■ What the task asks ■
Write out, word for word, every line in the data below from the one containing "The assembly guide" to the one containing "А как ты думаешь, о", both of them included.

■ Material provided ■
== == ==
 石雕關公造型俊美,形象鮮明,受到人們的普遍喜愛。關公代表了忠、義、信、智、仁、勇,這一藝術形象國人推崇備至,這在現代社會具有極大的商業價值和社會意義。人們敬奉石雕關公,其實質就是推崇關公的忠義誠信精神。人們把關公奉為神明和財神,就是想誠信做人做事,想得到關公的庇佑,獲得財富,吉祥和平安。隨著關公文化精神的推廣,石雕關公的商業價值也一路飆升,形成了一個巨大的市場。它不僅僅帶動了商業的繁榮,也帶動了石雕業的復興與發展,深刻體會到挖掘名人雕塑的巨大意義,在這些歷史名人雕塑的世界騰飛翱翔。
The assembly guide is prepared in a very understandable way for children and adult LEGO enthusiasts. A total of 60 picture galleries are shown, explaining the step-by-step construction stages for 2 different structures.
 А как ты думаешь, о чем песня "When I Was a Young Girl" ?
== == ==
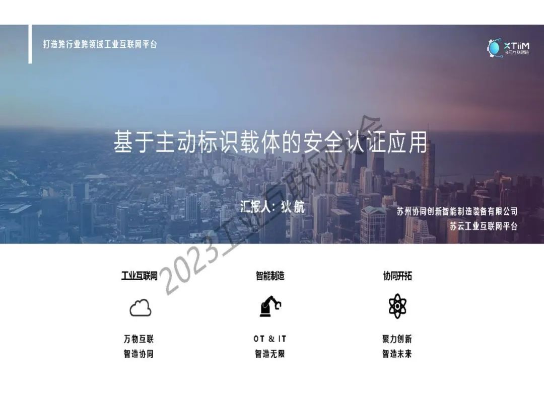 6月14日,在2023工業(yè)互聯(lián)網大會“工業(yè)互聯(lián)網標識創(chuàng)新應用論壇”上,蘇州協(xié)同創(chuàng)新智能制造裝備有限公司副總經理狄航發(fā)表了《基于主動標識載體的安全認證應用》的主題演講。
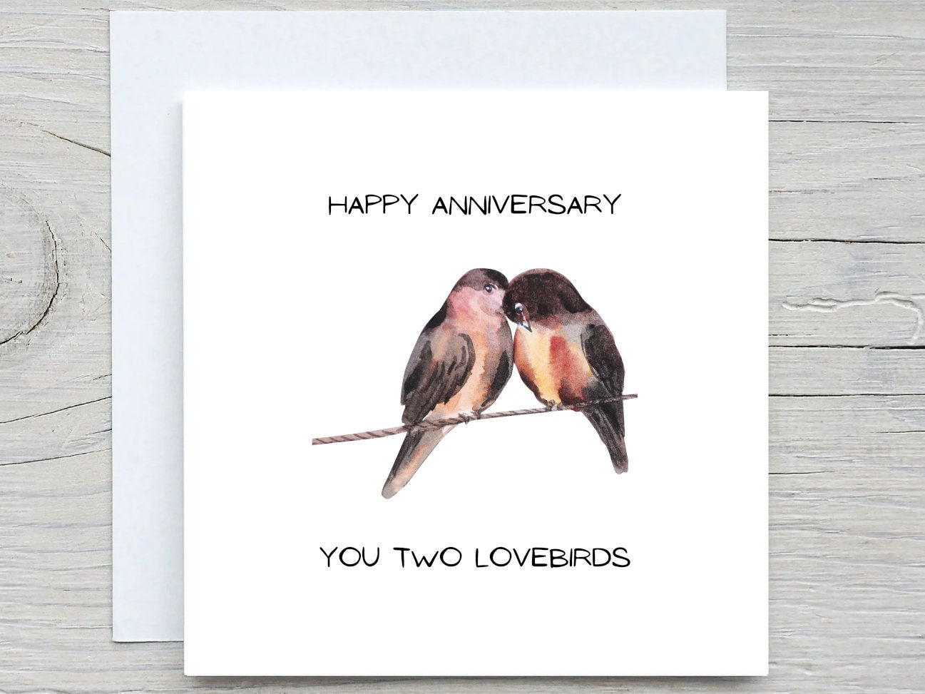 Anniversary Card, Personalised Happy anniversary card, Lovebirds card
== == ==
■ Task answer ■
The assembly guide is prepared in a very understandable way for children and adult LEGO enthusiasts. A total of 60 picture galleries are shown, explaining the step-by-step construction stages for 2 different structures.
 А как ты думаешь, о чем песня "When I Was a Young Girl" ?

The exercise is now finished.